The only caveat is that you should not overdo it, in other words, make the text useful to your visitors and not something that has been added only to improve search engine rankings. Don't just stuff the text with keywords.

Nick_W

3:10 pm on Jul 26, 2003 (gmt 0)

WebmasterWorld Senior Member 10+ Year Member



Do what makes sense to your users. The SE's want that, users want it and you should provide it. Stop being paranoid! ;)

Nick

pageoneresults

3:17 pm on Jul 26, 2003 (gmt 0)

WebmasterWorld Senior Member 10+ Year Member Top Contributors Of The Month



From Google, how does image search work?...

Google analyzes the text on the page adjacent to the image, the image caption and dozens of other factors to determine the image content. Google also uses sophisticated algorithms to remove duplicates and ensure that the highest quality images are presented first in your results.

I'll agree that 70 images is a little hefty for one page. You might want to trim that in half if you can and create two pages. Even if they were only 1k each, that's 70k of images to load along with 70 calls to the server.

The image caption or title as you are referring to it as is very important. Just do a few searches in Google Image Search and you'll see what I mean. Also, the file name is of importance too. Many people who rely on image search (Stock Photos, etc.) know that they need to optimize their images from every aspect.

ChrisKud5

3:53 am on Jul 27, 2003 (gmt 0)

10+ Year Member



"Google analyzes the text on the page adjacent to the image"

Anyone have any idea how Google "analyzes the text adjacent to the image"?

What if you use fixed pixel locations for different objects on your page (images, text, etc)?

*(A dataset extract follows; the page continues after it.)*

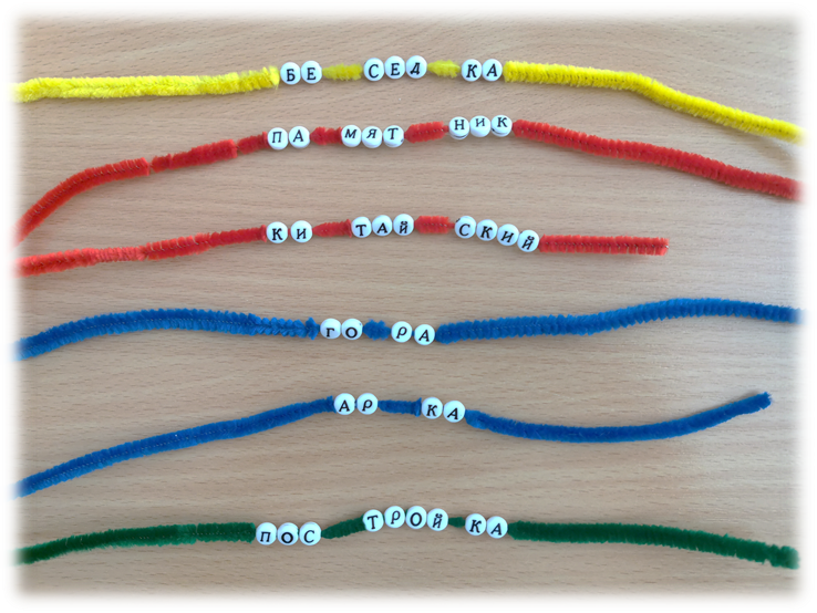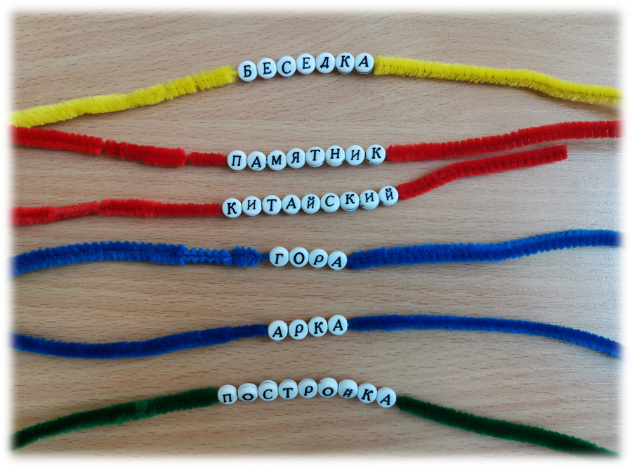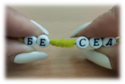 Далее ученики собирают слова, нанизывая бусины-буквы на гибкую нить.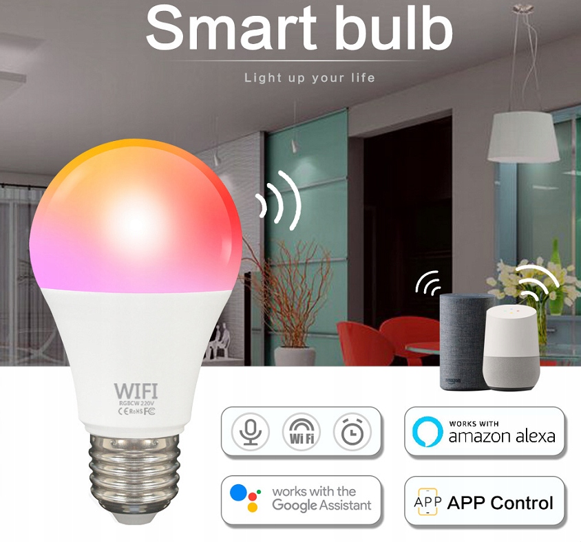 Светодиодная лампа WiFI 9 Вт, подключение TUYA / SMART LIFE, включение/выключение на смартфоне или ALEXA, GOGGLE HOME/ASSISTANT — голосовое управление.

For example,

An image is here
"position:absolute; left:443px; top:347px; width:191px; height:145px"

The text box describing that image is here
"position:absolute; left:489px; top:547px; width:167px; height:14px"

How on earth can google tell that this "adjecent text" is related to the image? Ohhh I know how.......IT CAN'T!

Why do i have a feeling that Googlebot does not connect images to text based on location on the page (in terms of specific dimensions of where the object on the page is) but rather if the text is within the same cell in a table or layer as the image (or some other similar method of putting images and text in a same object)?

That would be quite a task to be able to determine what text objects are "related" to specific images on pages. It certainly would require some of the most advanced programming i have heard of, as well as some pretty substantial processing power for a Bot that indexes thousands of pages a day.

I think Google tried to explain something that it cannot do.